— Supplied data —
>>>>

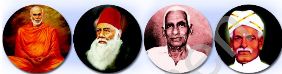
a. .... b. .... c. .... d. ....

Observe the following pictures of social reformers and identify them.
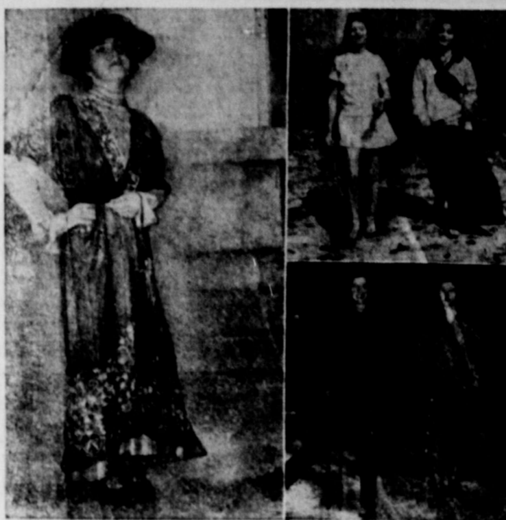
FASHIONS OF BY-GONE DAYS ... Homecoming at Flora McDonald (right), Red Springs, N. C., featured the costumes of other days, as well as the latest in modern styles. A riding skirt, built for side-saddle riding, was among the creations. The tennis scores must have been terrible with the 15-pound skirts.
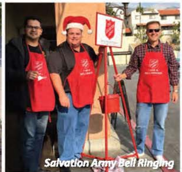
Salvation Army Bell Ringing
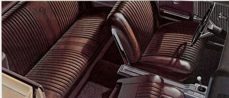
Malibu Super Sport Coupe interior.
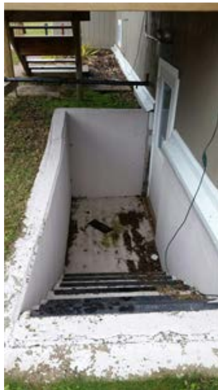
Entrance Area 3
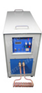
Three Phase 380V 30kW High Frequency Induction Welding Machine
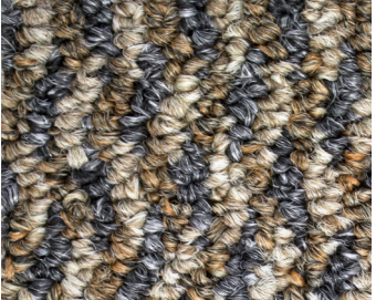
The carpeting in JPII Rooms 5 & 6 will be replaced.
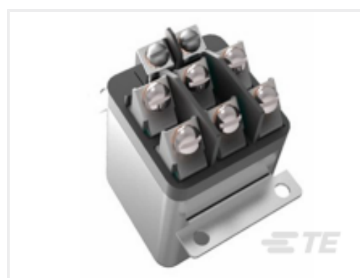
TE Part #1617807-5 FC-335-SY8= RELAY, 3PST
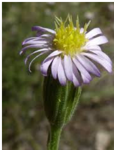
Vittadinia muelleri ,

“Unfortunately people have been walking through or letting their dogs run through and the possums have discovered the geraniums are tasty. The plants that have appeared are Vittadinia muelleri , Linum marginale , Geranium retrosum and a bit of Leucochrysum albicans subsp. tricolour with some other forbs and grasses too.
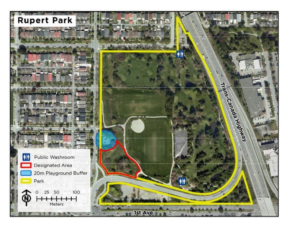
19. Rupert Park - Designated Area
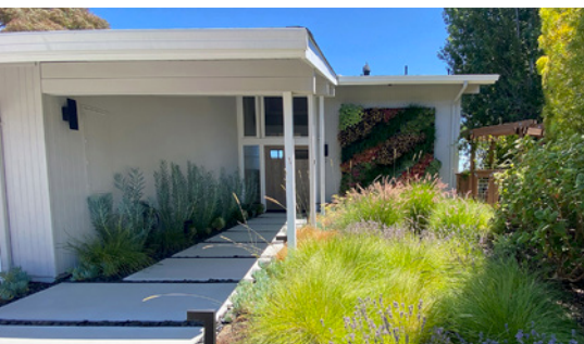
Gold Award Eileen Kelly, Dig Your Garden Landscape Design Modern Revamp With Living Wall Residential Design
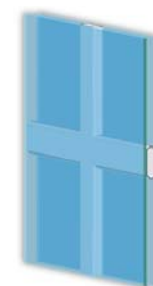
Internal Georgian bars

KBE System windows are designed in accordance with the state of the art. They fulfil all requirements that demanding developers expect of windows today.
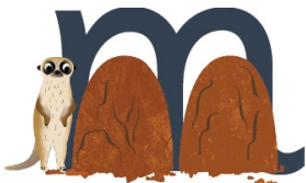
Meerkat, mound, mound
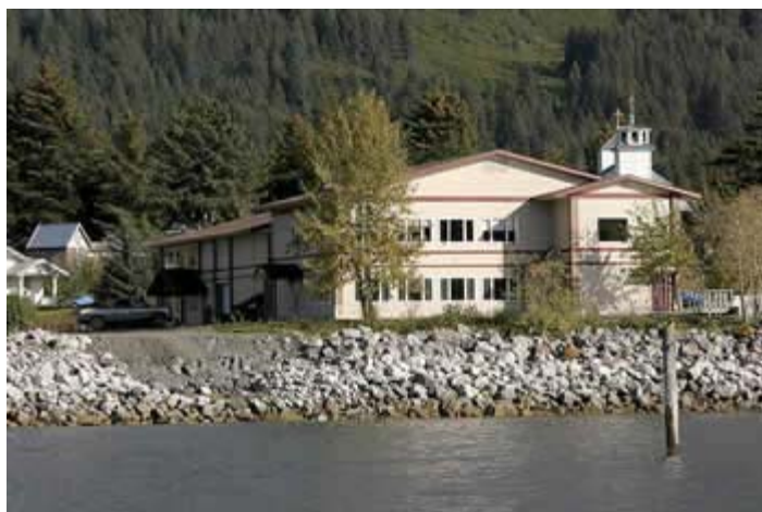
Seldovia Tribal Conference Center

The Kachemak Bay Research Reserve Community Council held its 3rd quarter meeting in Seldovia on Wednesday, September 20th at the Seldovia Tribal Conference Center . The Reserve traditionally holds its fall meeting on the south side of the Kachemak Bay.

<<<<

— What is needed —
Omit the pictures and reproduce the records above exactly.

— Solution to the problem —
a. .... b. .... c. .... d. ....

Observe the following pictures of social reformers and identify them.
FASHIONS OF BY-GONE DAYS ... Homecoming at Flora McDonald (right), Red Springs, N. C., featured the costumes of other days, as well as the latest in modern styles. A riding skirt, built for side-saddle riding, was among the creations. The tennis scores must have been terrible with the 15-pound skirts.
Salvation Army Bell Ringing
Malibu Super Sport Coupe interior.
Entrance Area 3
Three Phase 380V 30kW High Frequency Induction Welding Machine
The carpeting in JPII Rooms 5 & 6 will be replaced.
TE Part #1617807-5 FC-335-SY8= RELAY, 3PST
Vittadinia muelleri ,

“Unfortunately people have been walking through or letting their dogs run through and the possums have discovered the geraniums are tasty. The plants that have appeared are Vittadinia muelleri , Linum marginale , Geranium retrosum and a bit of Leucochrysum albicans subsp. tricolour with some other forbs and grasses too.
19. Rupert Park - Designated Area
Gold Award Eileen Kelly, Dig Your Garden Landscape Design Modern Revamp With Living Wall Residential Design
Internal Georgian bars

KBE System windows are designed in accordance with the state of the art. They fulfil all requirements that demanding developers expect of windows today.
Meerkat, mound, mound
Seldovia Tribal Conference Center

The Kachemak Bay Research Reserve Community Council held its 3rd quarter meeting in Seldovia on Wednesday, September 20th at the Seldovia Tribal Conference Center . The Reserve traditionally holds its fall meeting on the south side of the Kachemak Bay.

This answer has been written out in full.